[Download] "Cardinal Red" by Ross Tarry * Book PDF Kindle ePub Free

eBook details
- Title: Cardinal Red
- Author : Ross Tarry
- Release Date : January 18, 2011
- Genre: Mysteries & Thrillers,Books,
- Pages : * pages
- Size : 217 KB
Description
Tuesday Afternoon
August 30
88 degrees, Humidity 92%
It was Tuesday, the end of August and muggier than hell. Everything steamed. I had taken my gun from the holster on my right hip and put it in the top right drawer of my desk, and rocked back in my swivel chair daydreaming, my fingers laced behind my head, my stockinged feet propped on the sill of my office window. The louvered blinds, the narrow, ivory colored plastic kind, were up. A broken yardstick held the bottom sash open, allowing in the street sounds and the stale smells of late summer. It was the kind of August day Mo would have loved. She would be in shorts, halter-top and floppy cotton hat, weeding her garden, or maybe pruning her roses, her tanned skin glistening with perspiration.
Sheās been gone nearly two years. Actually, one year and ten months to the day. Seems impossible. The deep-throated rise and fall of a siren of a fire apparatus came lethargically through the window on the heavy, damp air, growing louder with blasts of air horn as it crossed Division, then faded down Seventh Avenue.
When youāre young, it seems the days, months, years just crawl by. For some time now, it seems the days flash past so fast that every evening I have to stop and think, where the hell did the day go? If Iād broached this with Mo, sheād have said it was because I hadnāt created any memorable memories. She was probably right. She was all about living life.

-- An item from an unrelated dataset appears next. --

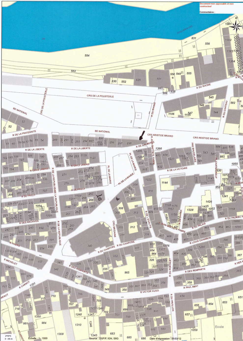
Plan de situation générale

I sat quietly in the sound of the street traffic and the fading siren, with Mo as heavy in my thoughts as the sodden air. One would think Iād remember her last words, or at least the last conversation weād had before she died. There had been words, but as hard as I try I canāt seem to bring them to mind. Maybe itās a coping mechanism. I can see her though. As emaciated and dwindling as she was, she was still beautiful. But itās those damn other words I remember. I canāt seem to get them out of my mind. It was a late June evening. We were in the hospice atrium watching the sunset on one of her better days, when she was exceptionally lucid, between the morphine drips and the pain. āLaw enforcement canāt be a reason for being, Darling, find your reason and live it,ā she had said.
Weād had conversations like this before. She understood these things. I didnāt know anything else. Iād been a cop for thirty-two years. I needed more straight-forward concepts. But the words still haunt me.